Cryptocurrency’s rapid growth has forced governments worldwide to confront a fundamental question: how to regulate assets that transcend borders, challenge traditional financial frameworks, and operate without central control. The regulatory landscape varies dramatically across jurisdictions, creating complexity for businesses and users navigating this space.
Cryptocurrency Regulation: The Global Landscape

The Financial Stability Board (FSB), which coordinates international financial regulation, published comprehensive recommendations for crypto-asset activities in 2023. An October 2025 thematic review assessed implementation across 37 jurisdictions, revealing uneven progress. Only 39% of evaluated jurisdictions had finalized regulatory frameworks addressing financial stability risks. The European Union, Hong Kong, and Bermuda lead with comprehensive approaches. The United Kingdom, Australia, and Switzerland are consulting on frameworks. China, India, and Mexico remain at early stages with no specific cryptocurrency regulation.
Regulatory approaches vary significantly. Some jurisdictions extend existing financial frameworks to encompass crypto-assets—Australia and Hong Kong adapt current securities laws. Others develop bespoke crypto regulations—the EU’s Markets in Crypto-Assets (MiCA) framework creates comprehensive rules specifically for crypto assets and service providers.
Stablecoins—cryptocurrencies pegged to stable assets like the US dollar—receive particular attention. Only 21% of jurisdictions have finalized stablecoin frameworks. Regulators recognize that applying traditional payment or securities rules to stablecoins requires significant adjustment. Requirements for reserve composition, custody, redemption rights, and disclosure vary across jurisdictions, creating challenges for globally circulating stablecoins.

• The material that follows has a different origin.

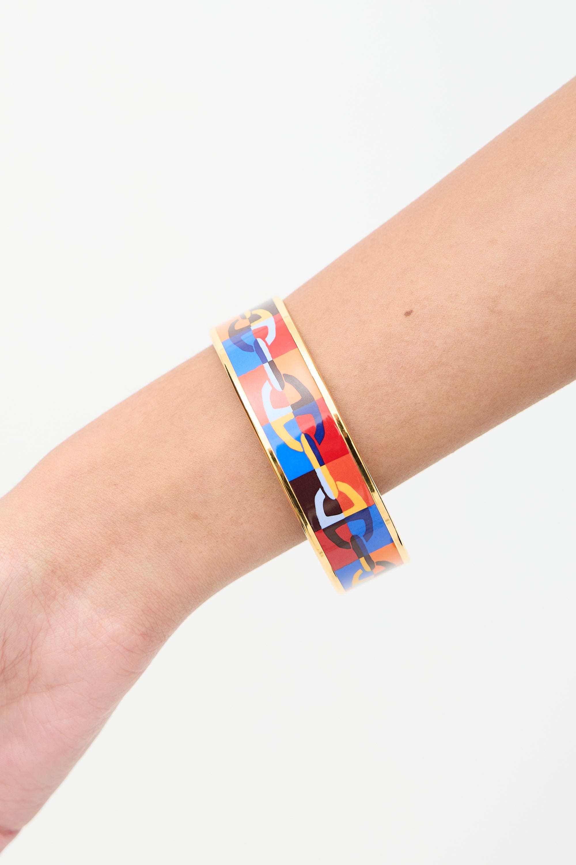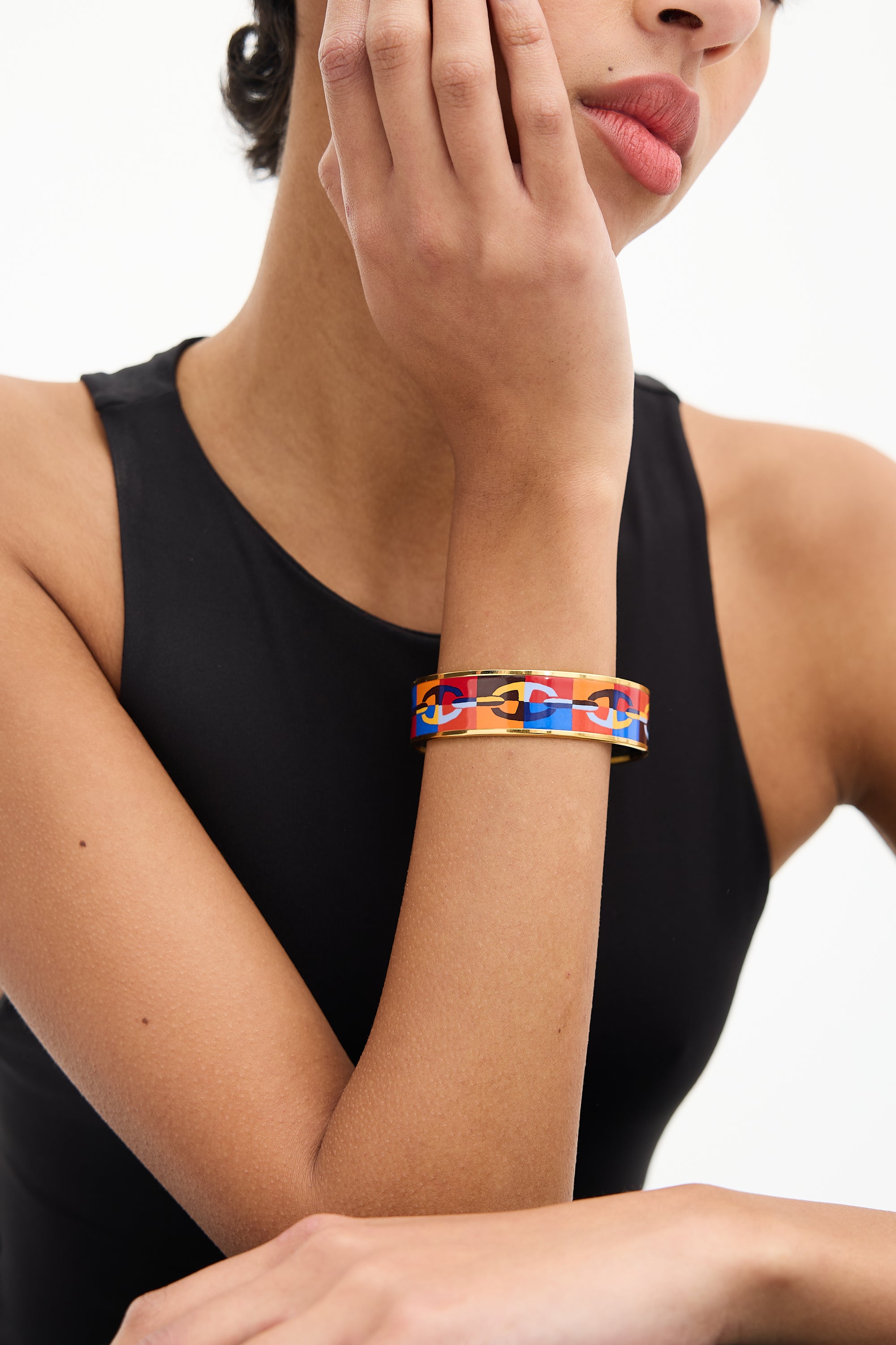 Pre-owned Hermès red and multicolour bangle bracelet featuring Chain D'Ancre motif print enamel inlay, gold plated gilded edge, and inner gold tone logo stamp. Comes with original box and pouch.

Crypto-asset service providers (CASPs) face increasing licensing requirements. While many jurisdictions mandate registration primarily for anti-money laundering purposes, comprehensive frameworks addressing governance, risk management, and prudential requirements remain less common. Higher-risk activities like crypto lending, borrowing, and margin trading receive comprehensive regulation in only two surveyed jurisdictions—Bermuda and the Bahamas.
Cross-border cooperation presents particular challenges. Crypto markets are inherently global; a service provider may operate in dozens of jurisdictions simultaneously. Yet cross-border information sharing among regulators remains fragmented, inconsistent, and insufficient. Divergent definitions, fragmented responsibilities among domestic authorities, and legal barriers like privacy laws impede coordinated responses to potential systemic risks.
IOSCO, the international securities regulators body, also assessed implementation of its crypto recommendations focused on investor protection. Most jurisdictions are still developing frameworks, though significant progress is being made. Key areas addressed include governance, conflicts of interest, fraud prevention, custody requirements, and retail client protections.
This regulatory evolution reflects crypto’s maturation from fringe experiment to significant financial sector component. Regulators balance innovation encouragement with consumer protection and financial stability. Overregulation risks driving activity underground or offshore; underregulation risks investor harm and systemic contagion.
The coming years will likely see continued regulatory convergence as international bodies press for consistent standards. However, fundamental tensions remain. Crypto’s borderless nature conflicts with jurisdiction-based regulation. Pseudonymous transactions challenge anti-money laundering frameworks. Decentralized systems resist traditional regulatory targets. How regulators navigate these tensions will shape cryptocurrency’s future role in the global financial system.